Fajar mengangguk-angguk keheranan sedangkan Umi menggeleng sambil menahan gejolak marahnya.

“Tau kota mana, Van?” tanya Umi.

“Nggak tau, Mi.” 

Umi menghela nafas dalam-dalam. Rasa marah dan jengkel menghiasi wajahnya. 

Siangnya, saat di jam istirahat, Umi dan Fajar makan di warung Mie Ayam Bakso Pak Bowo. Mereka berdua beruntung dapat tempat duduk. Hari kemarin sama sekali tidak kebagian. 

Selama menyantap mie ayam bakso, Fajar sedikit terganggu lantaran Umi tidak hentinya menggerutu tentang Agus. Ia tidak bisa seratus persen menikmati nikmatnya bakso yang jadi kesukaannya. Fokusnya pun terbelah antara menanggapi kegusaran Umi atau mengunyah belahan bakso.

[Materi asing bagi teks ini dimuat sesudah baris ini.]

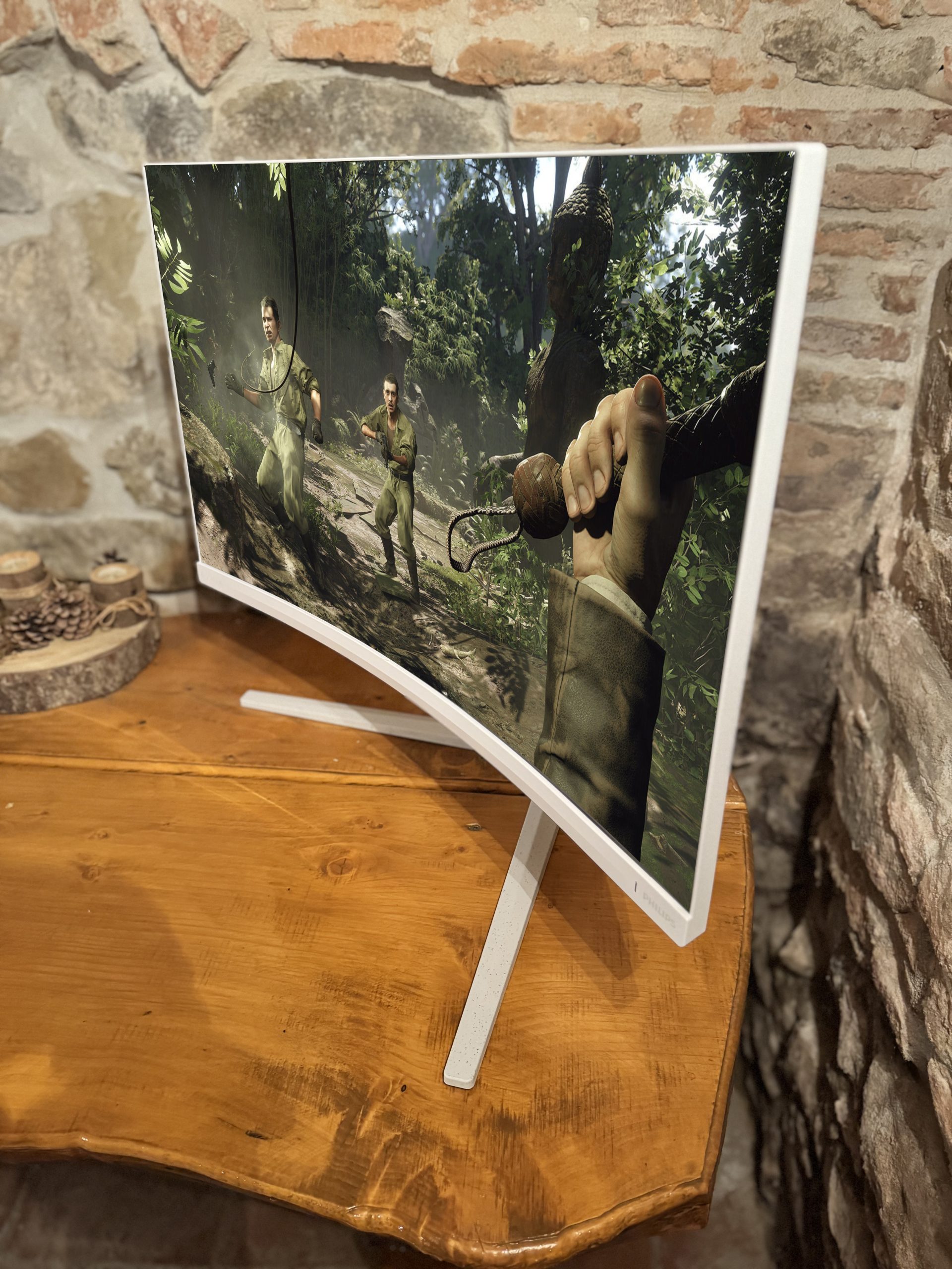 Am continuat cu Indiana Jones and the Great Circle, unde cinematica și atmosfera sunt parte din plăcerea jocului. Aici Ambiglow își justifică reputația, iar beneficiul e evident. Reflexele torțelor, sclipirile metalice ale artefactelor și tranzițiile dintre camere luminate cald și coridoare întunecate s-au prelungit pe peretele din spate într-un halou coerent cu imaginea, crescând parcă organic senzația de „ecran” mai mare decât este. HDR-ul a adăugat o treaptă de dinamică în highlight-uri, fără să forțeze expunerea, iar schimbarea rapidă între secvențe nu a indus nici tearing, nici drop-uri vizibile, sincronizarea adaptivă ținând lucrurile perfect lipite de GPU.
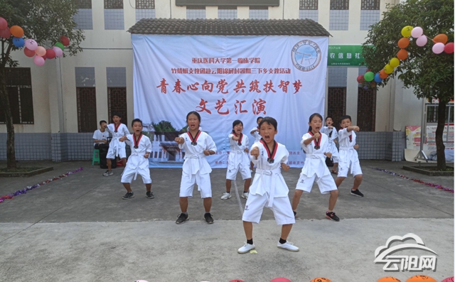 云陽網(wǎng)訊(記者 楊梅娜 通訊員 陳利)近日,重慶醫(yī)科大學(xué)第一團(tuán)總支學(xué)生會17名師生組成的支教團(tuán)隊(duì)在鳳鳴鎮(zhèn)錦屏村開展以“黨旗伴我心,青春走基層”為主題的支教活動。

Fajar heran dengan teman kerjanya itu. Bisa mengomel dan mengunyah mie ayam sekaligus. Tanpa tersedak ataupun terbatuk. Meski mulutnya terus menerus melontarkan makian pada Agus, ajaibnya, raut wajah Umi begitu menikmati mie ayam bakso. Dan itu berlangsung hingga mereka berdua selesai makan. 

“Aku janji bakal cari si Agus. Kamu nggak usah khawatir,” tutur Fajar begitu mereka selesai makan. 

“Makasih, ya, Jar,” balas Umi dengan suara datar sembari menyedot es teh manis. Mukanya terlihat puas sekali. Fajar tampak jengkel dengan umi lantaran dirinya tidak bisa menikmati mie ayam bakso.

Sore harinya, Fajar pergi ke tempat kos Agus. Fajar sedikit kaget mendapati motor milik Agus ada di parkiran kos; lengkap dengan helm hitamnya. 

Ada rasa senang dan lega yang menyusup di batin Fajar. Ia pun berjalan menuju kamar Agus. Fajar sempat berpapasan dengan teman kos Agus yang ia kenal.

“Si Agus ada di kamar?” tanya Fajar. Temen kos Agus itu malah bingung.

“Aku nggak tau ya, Mas. Soalnya aku baru balik kos tadi siang. Lima hari kemarin aku pulang kampung.”